Внимательных читателей, несомненно, удивляло полное отсутствие каких-либо религиозных понятий или настроений в «Хоббите» и «Властелине Колец», при том, что сам Толкин был глубоко верующим человеком. Правда, в отличие от К. С. Льюиса, Ч. Уильямса или Г. К. Честертона, Толкин никогда не был «громогласным» проповедником христианства. Возможно, в этом сыграло свою роль то, что он вовсе не был неофитом, — к вере его еще в детстве привела мать, и у него отсутствовал пыл, свойственный многим новообращенным.

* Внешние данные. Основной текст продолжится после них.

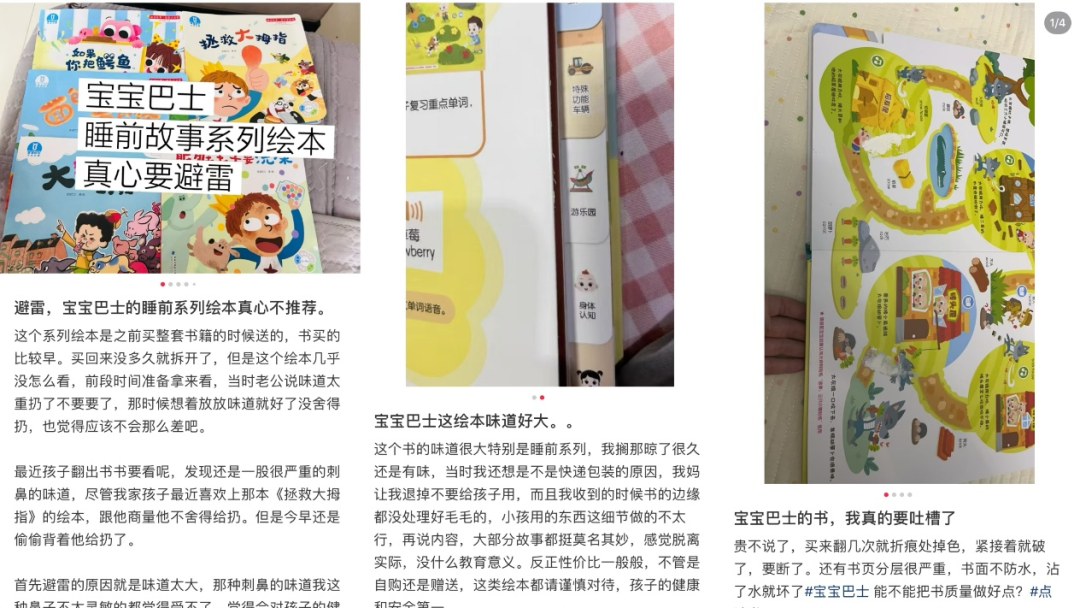 在小红书、微博等社交平台上,有不少家长提及宝宝巴士绘本的质量问题。其中,有网友在小红书上发布笔记称,自己购买的宝宝巴士的绘本味道很大,“特别是睡前系列,我搁那儿晾了很久还是有味……而且我收到的时候书的边缘都没处理好,毛毛的,小孩用的东西这细节做得不太行……不管是自购还是赠送,这类绘本都请谨慎对待,孩子的健康和安全第一。”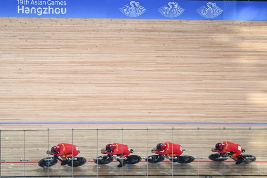 女子團體追逐賽上,日本隊在決賽最后階段反超中國隊,以4分21秒224的成績奪得金牌,創造新的亞運會紀錄;中國隊以4分21秒285摘得銀牌;中國香港隊在第三名爭奪戰中擊敗韓國隊,獲得銅牌。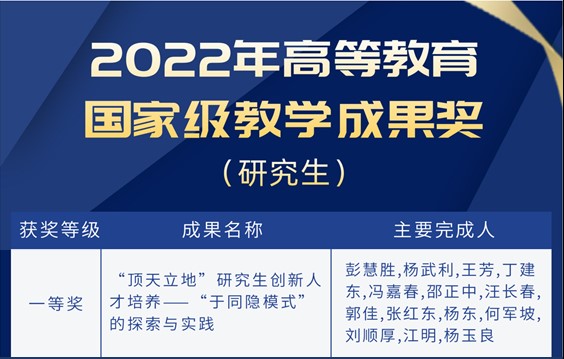 日前,教育部公布2022年高等教育国家级教学成果奖获奖名单。我系组织申报的“‘顶天立地’研究生创新人才培养——‘于同隐模式’的探索与实践”荣获高等教育(研究生)国家级教学成果奖一等奖。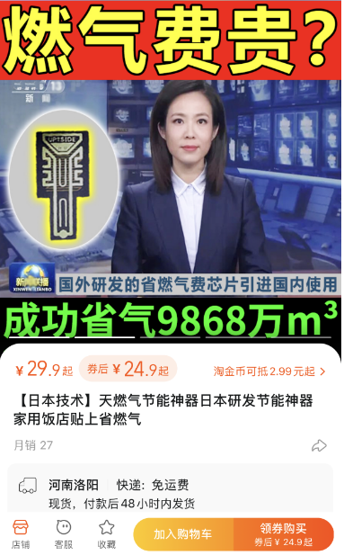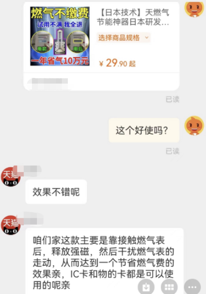 事实上,类似这样的“节能神器”在购物网站或短视频平台上并不鲜见。以“省水神器”“省燃气神器”等作为关键词进行搜索,能发现大量类似商品在售。有些商品的销售页面标注着“燃气免费用 贴上十年不交费”“燃气节能贴 每月燃气1元钱”等字样,有些则写明了“水表一贴不转 贴上立省钱”“无需插电 一贴即用”等,其中不少商品的月销量在二三百单以上。其中一家店铺销售的一款号称日本研发的“天然气节能神器”,客服人员明确表示,这款产品是通过释放强磁,干扰燃气表的走动,从而达到节省燃气的效果。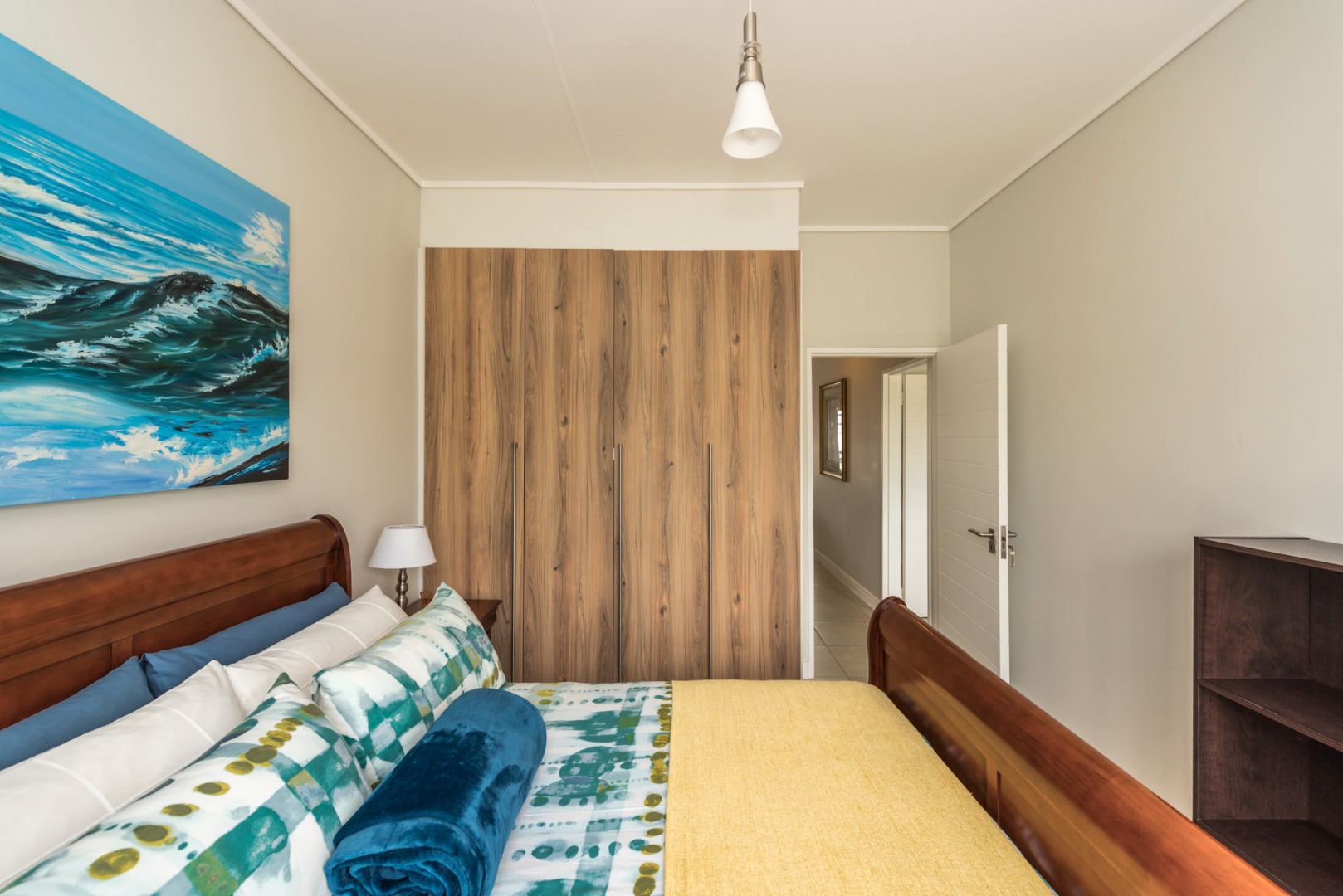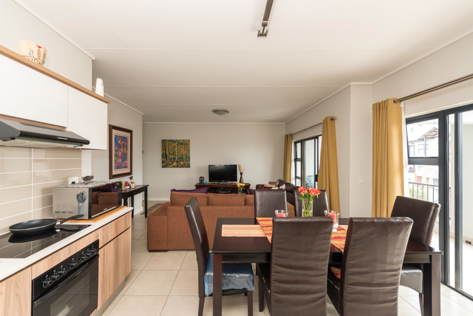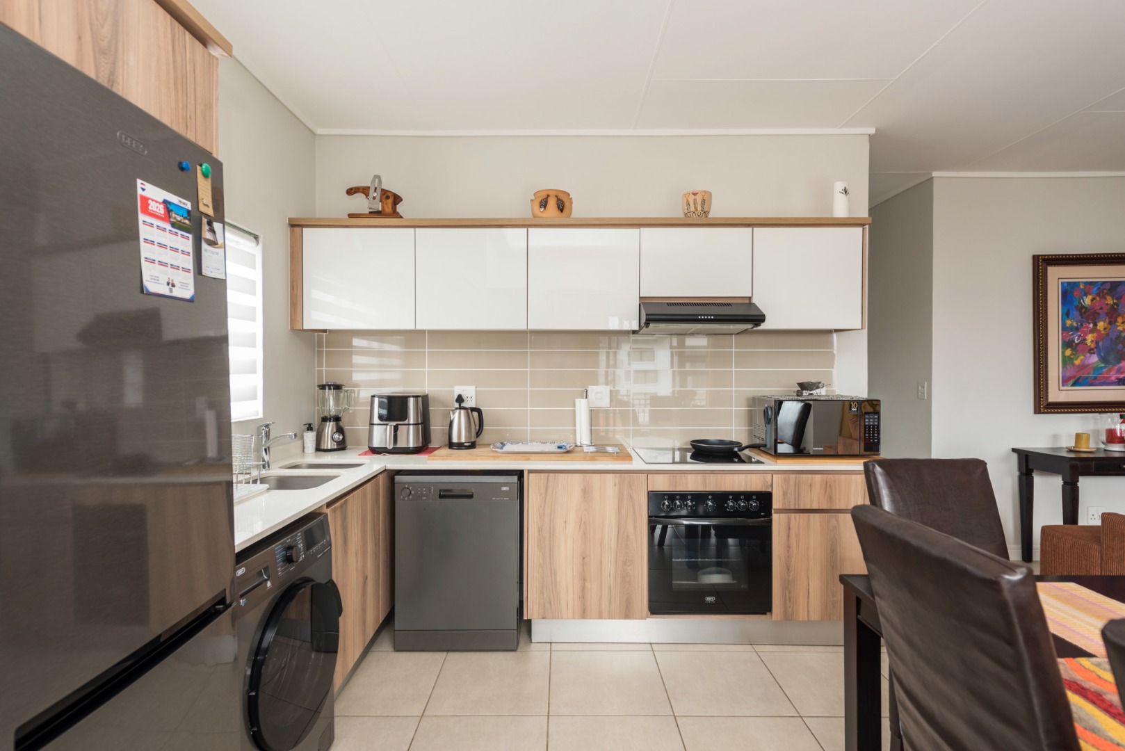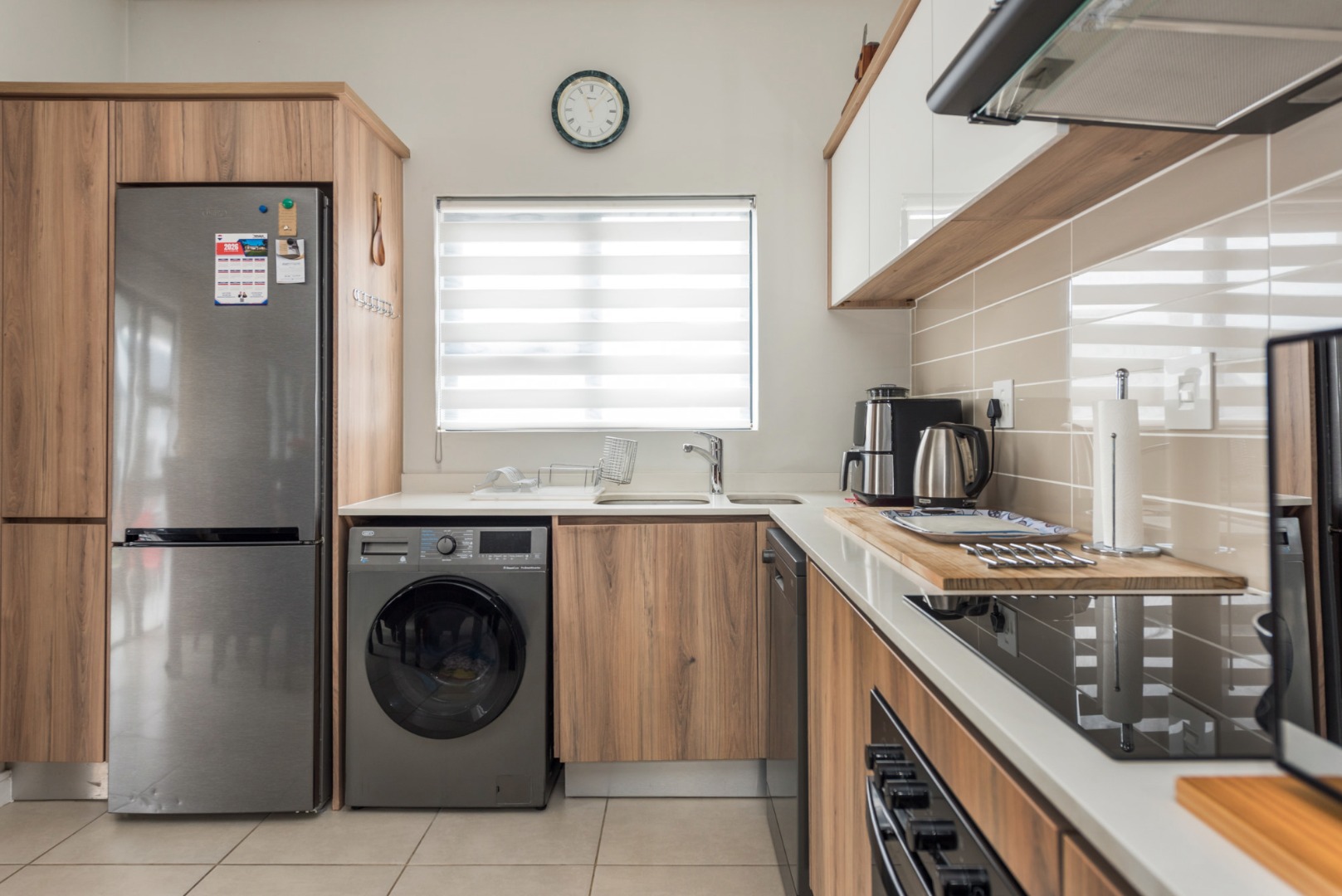 Discover deluxe modern living in this stylish 2-bedroom, 2-bathroom apartment located in a secure complex in Linbro Park, Sandton. Spanning 106 square meters, this residence offers a contemporary open-plan design, seamlessly connecting the lounge, dining area, and a sleek kitchen. The kitchen is a highlight, featuring two-tone cabinetry, a tiled backsplash, and integrated appliances including an oven, hob, extractor fan, dishwasher, and washing machine, ensuring both functionality and aesthetic appeal.

Но о чем тогда говорят тщательно выверенные даты и параллели с Евангелием в тексте «Властелина Колец»? Понятно, что Толкин был прекрасно знаком со многими способами толкования Библии. Был он знаком и с типологическим или преобразовательным методом толкования. Применительно к Библии этот метод строится на том, что Ветхий Завет содержит многочисленные прообразы будущего явления Христа. Думается, что Толкин видел подобные прообразы будущего в истории созданного им Средиземья. (Действие «Властелина Колец» происходит в конце Третьей эпохи Средиземья; наше время Толкин относил примерно к Шестой или Седьмой эпохе, то есть действие «Властелина Колец» должно было происходить семь или восемь тысяч лет назад, через три тысячи лет после гибели Атлантиды, с которой он сам неоднократно сравнивал свой Нуменор.)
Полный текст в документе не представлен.